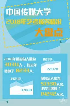 根据中国传媒大学本科招生办公众号发布的数据显示,2018年,中国传媒大学19个艺术类本科专业计划招生703人。从报名数据上看,2018年中国传媒大学艺术类本科专业报名总人数为30311人,共51330人次,同比去年增加了8233人和14242人次。其中,播音与主持艺术、表演、广播电视编导(电视编辑方向)三个专业报名人数最多。表演、广播电视编导(电视编辑方向)、戏剧影视导演三个专业竞争最激烈,报录比分别是327:1、144:1、134:1。
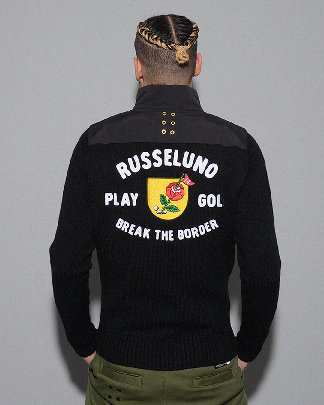 左胸のワッペン、バックピースデザインはボリュームのあるチェーン刺繍と平面刺繍を使い分け、デザインに表情を出しています。
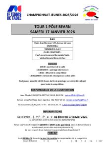 Convocation Tour 1 Chpt Jeunes pôle Béarn du 17 janvier 2026
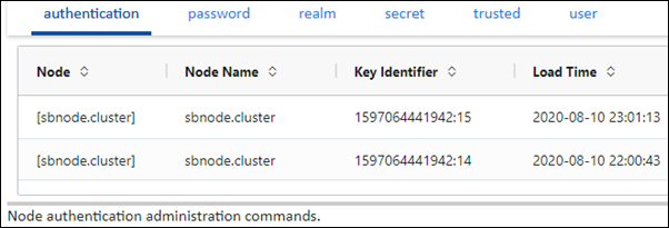 authentication: node authentication administration commands
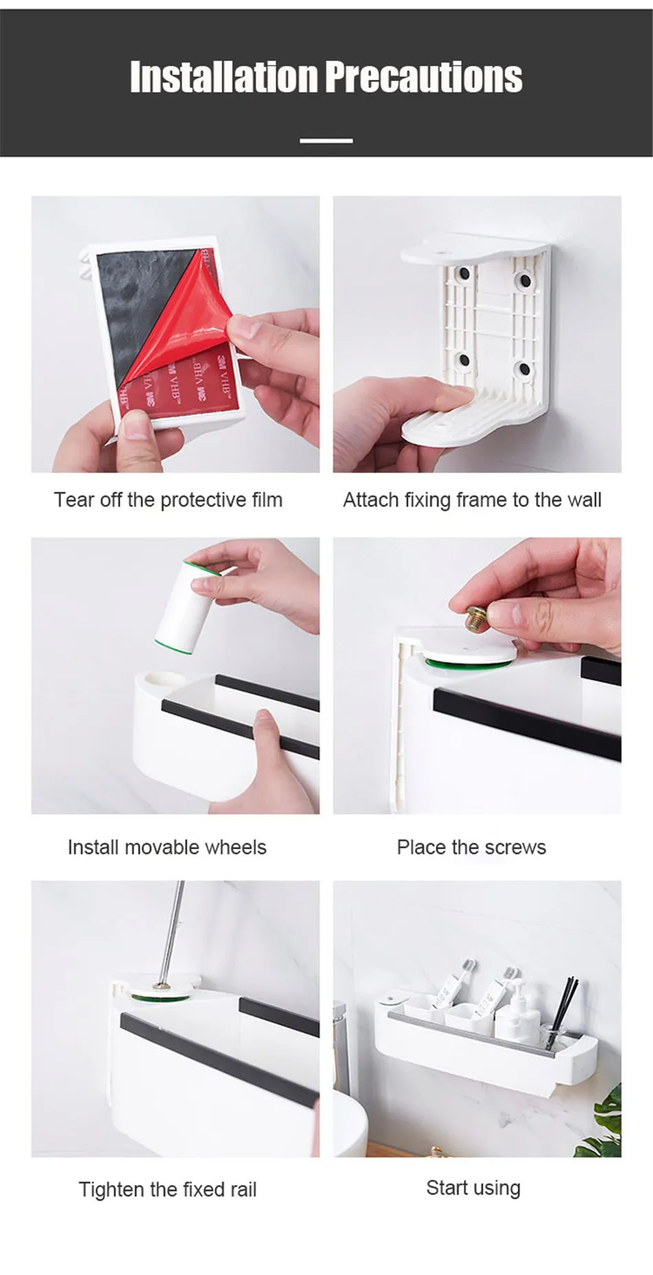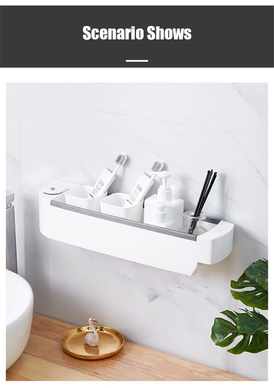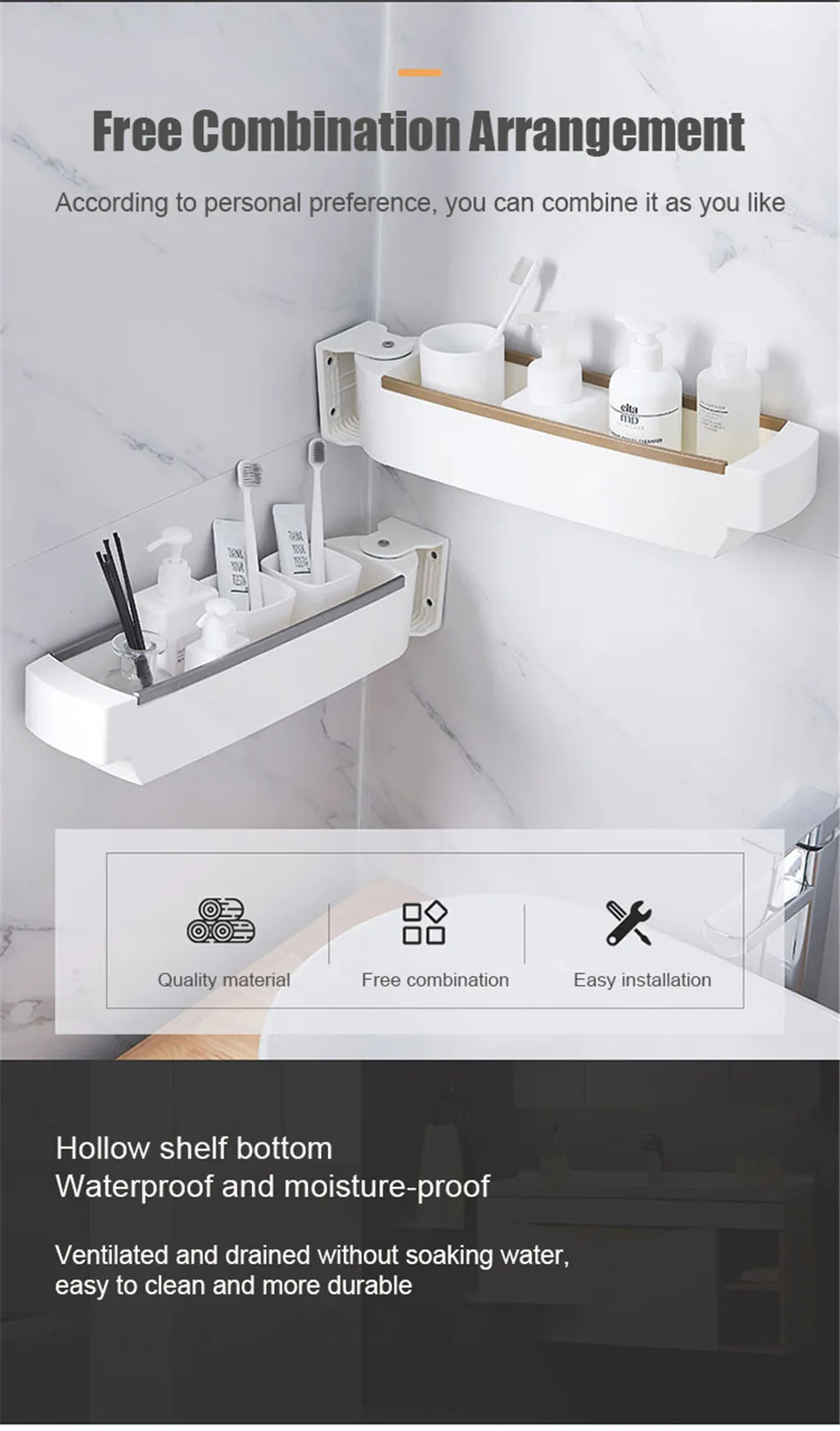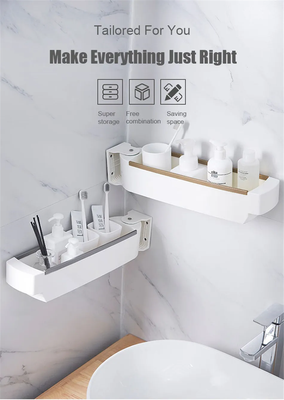 벽 교수형 스토리지 랙 천공없이 다기능 욕실 주방 플라스틱 회전 선반 주방 목욕 액세서리
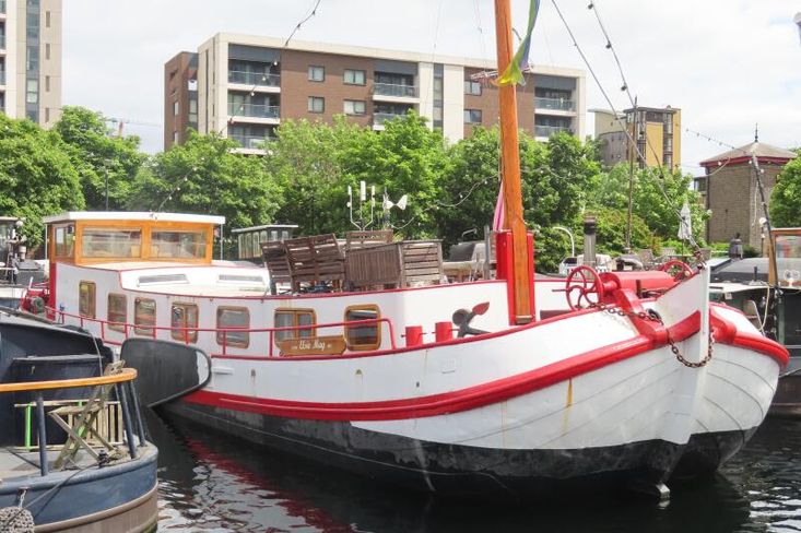 Truly exceptional Dutch Barge, Tjalk, at Poplar Marina, Canary Wharf, with a fully transferable, residential mooring.

____

▶ [WHAT TO DO]:
Leave out the pictures and repeat exactly the lines from the start of the material through the line that contains "벽 교수형 스토리지 랙", both included.

▶ [SOLUTION BELOW]:
 根据中国传媒大学本科招生办公众号发布的数据显示,2018年,中国传媒大学19个艺术类本科专业计划招生703人。从报名数据上看,2018年中国传媒大学艺术类本科专业报名总人数为30311人,共51330人次,同比去年增加了8233人和14242人次。其中,播音与主持艺术、表演、广播电视编导(电视编辑方向)三个专业报名人数最多。表演、广播电视编导(电视编辑方向)、戏剧影视导演三个专业竞争最激烈,报录比分别是327:1、144:1、134:1。
 左胸のワッペン、バックピースデザインはボリュームのあるチェーン刺繍と平面刺繍を使い分け、デザインに表情を出しています。
 Convocation Tour 1 Chpt Jeunes pôle Béarn du 17 janvier 2026
 authentication: node authentication administration commands
 벽 교수형 스토리지 랙 천공없이 다기능 욕실 주방 플라스틱 회전 선반 주방 목욕 액세서리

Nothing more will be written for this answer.